• Assignment
Repeat every line from the line containing "別珍の帽子をかぶっています。手足しっぽはモールで曲がるようになっています。" to the end of the data, exactly. Leave the pictures out.

• Collected material
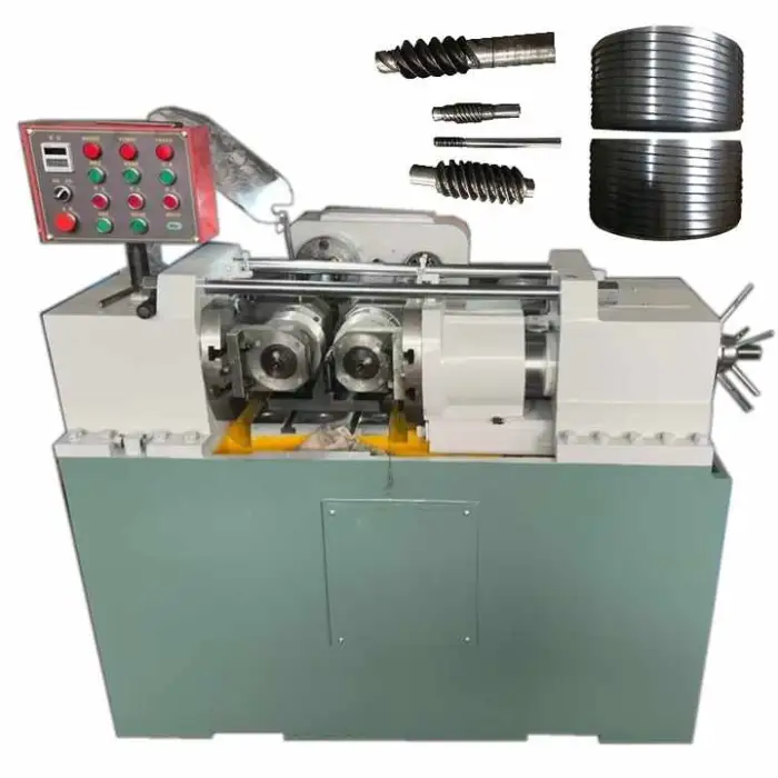 The machine is capable of processing various metal threads, including those for bolts, screws, and threaded rods.
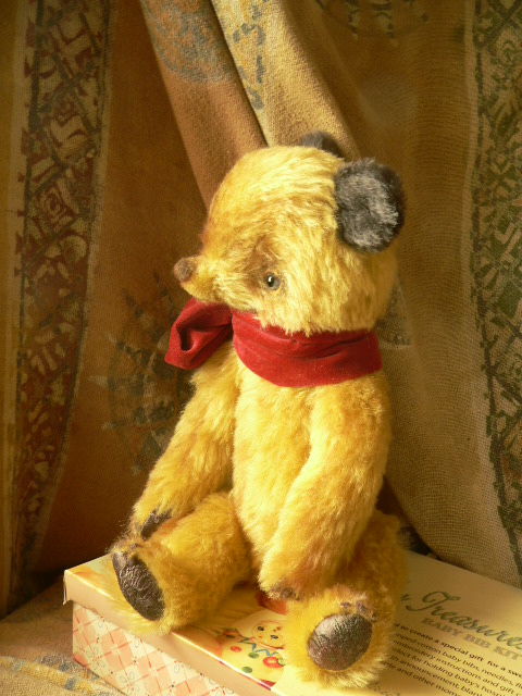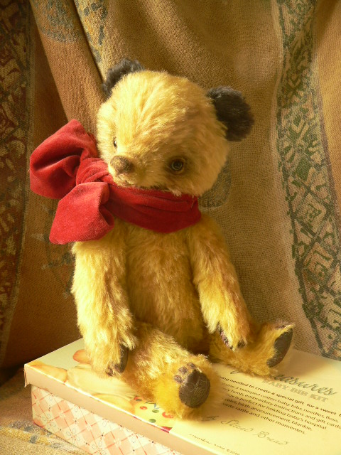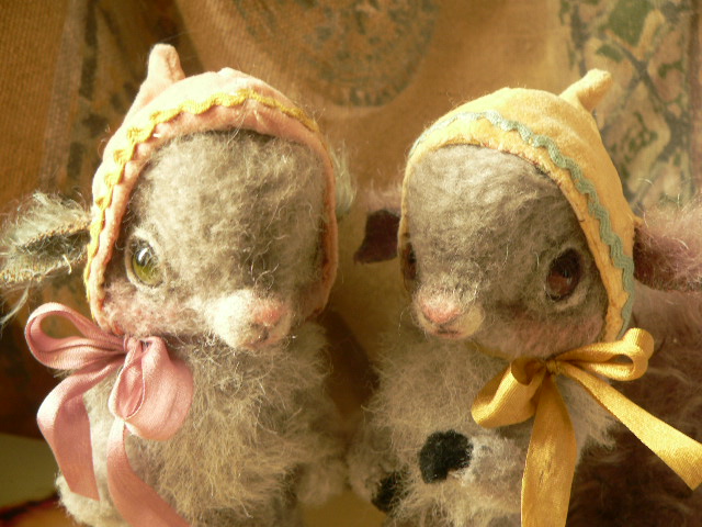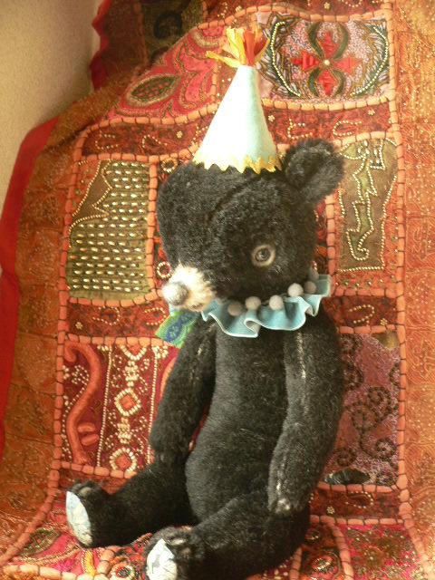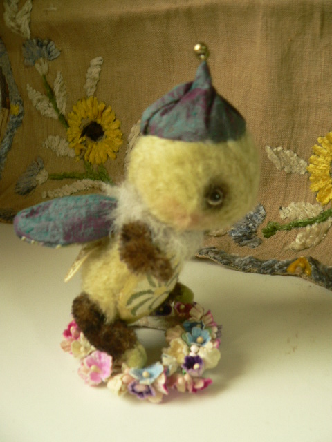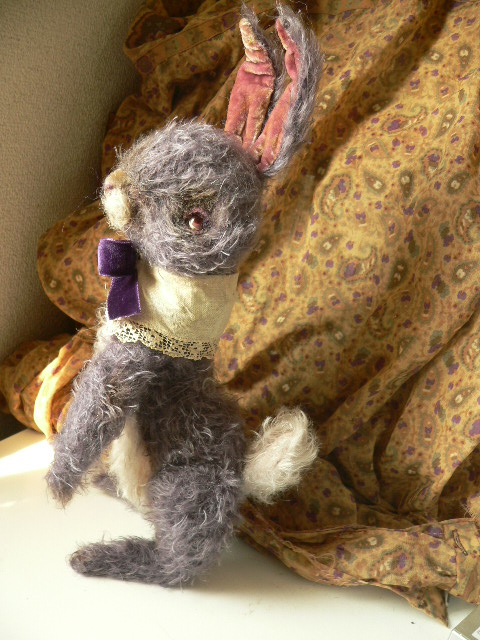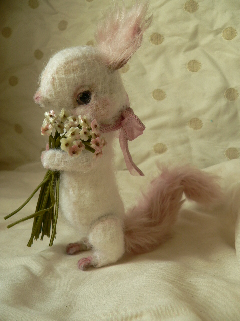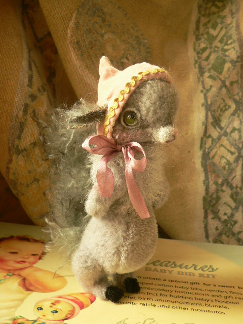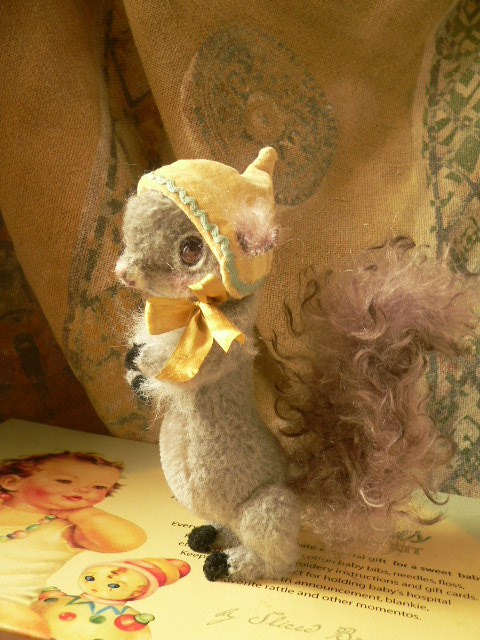 別珍の帽子をかぶっています。手足しっぽはモールで曲がるようになっています。
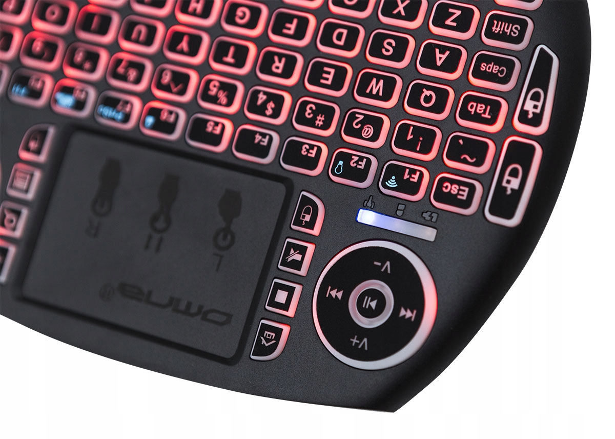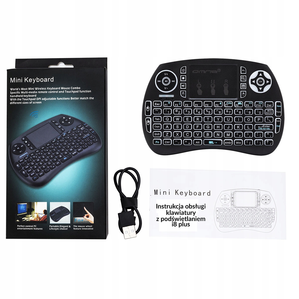 Wielofunkcyjna, podświetlana, nowoczesna mini klawiatura QWERT z funkcją myszki (wbudowany panel dotykowy touchpad obsługujący gesty)

• Answer box
 別珍の帽子をかぶっています。手足しっぽはモールで曲がるようになっています。
 Wielofunkcyjna, podświetlana, nowoczesna mini klawiatura QWERT z funkcją myszki (wbudowany panel dotykowy touchpad obsługujący gesty)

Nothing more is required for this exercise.